CMSC350 - Data Structures and Analysis

Biography

My name is Yuji Shimojo and I'm 24. I'm from Okinawa, Japan and live there now. I have parents and an older brother.

This class is required to obtain my B.S. in Computer Science.

I'm currently in charge of data center sales and web direction at an IT company based in Okinawa. I'm aiming to enhance my sales engineer career.

Actually, I used to study in Information Engineering at University of the Ryukyus in Okinawa until 3 years ago, and there I've taken a class in data structures and algorithms. I took CMIS242 and CMSC335 in this Spring term. Through these classes, I learned ArrayList, LinkedList, Stack, Queue, HashMap in Java.

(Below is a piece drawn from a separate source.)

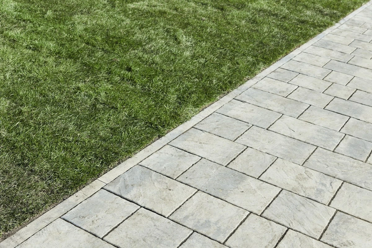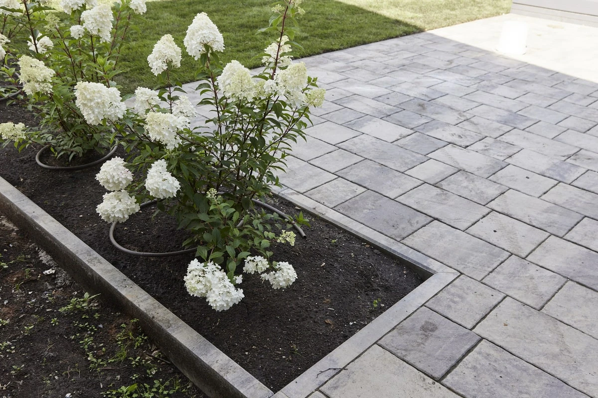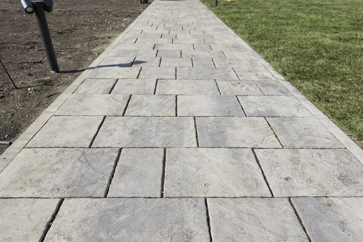 Для этих работ идеально подошли тротуарная плитка Литос в цвете Шунгит, а также бордюры в этом же цвете. Дорожки выполнены в строгом геометрическом формате с прямыми углами, ширина выбрана таким образом, чтобы как минимум два человека могли с легкостью идти рядом или разойтись на дорожке.

My hobby is to play a lots of sports.

I am using Eclipse Indigo on Mac OS X Snow Leopard (10.6). I really hope to enjoy learning in this class.

Week1 Topic1

In addition to time complexity, there are several other factors like CPU speed, compiler optimization, memory access speed, & data input efficiency. Based on your understanding, which one is most important? Why?

For PCs, memory access speed is the most important, because what users expect the most is high multitasking performance.

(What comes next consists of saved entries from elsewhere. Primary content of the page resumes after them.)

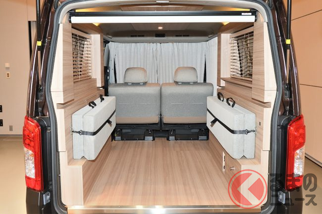天井にはスポット照明付きの木目調ルーフパネルが備わり、後部の窓にはウッドブラインドも装着され、まさに「部屋」そのものといった雰囲気です。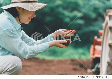 土を見る女性農家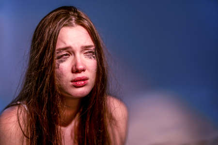 crying woman with black eye problems abuse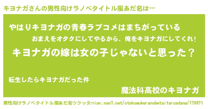 | 女子向けラノベタイトル風あだ名 | 『キヨナガの卵を拾いまして』 |

On the other hand, for servers, data input efficiency is the most important, especially for database systems. If there is a disk I/O bottleneck on a system, its performance will be decreasing significantly.

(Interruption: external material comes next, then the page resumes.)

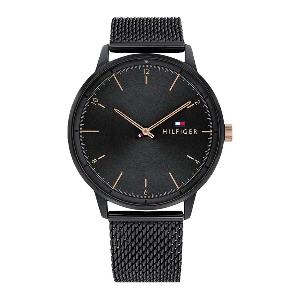 Montre Tommy Hilfiger Hendrix Acier Noir Ronde Quartz 43mm Fond Noir Bracelet Acier Maille Milanaise Noir 1791845

Of course, CPU is important as well, but I think CPU performance can not only be measured by clock speeds. It depends on CPU architectures due to differences in vendors.

Week1 Topic2

Chapter 1 discusses 'Software Quality' related topics in detail. Do not look at it right now :-) When you hear the term 'Software Quality', what comes to your mind right away? Explain in your own words.

From the aspect of "Software Quality" for business, you should include not only highly functional programs, but also well-written software design documents such as class diagrams, table definitions, ER diagrams, wire frames, also test data and test cases.

Homework1

Do the following Exercises in Lewis and Chase (pp 24-25)

Week2 DQ1

As listed under Course Content, I developed the following multimedia tutorial/lecture on inheritance & polymorphism. Turn ON your speakers to hear the audio before opening these links in a new tab to play these Flash videos:

http://sites.google.com/site/jeyak7/inheritance1.swf (Part 1)
http://sites.google.com/site/jeyak7/inheritance2.swf (Part 2)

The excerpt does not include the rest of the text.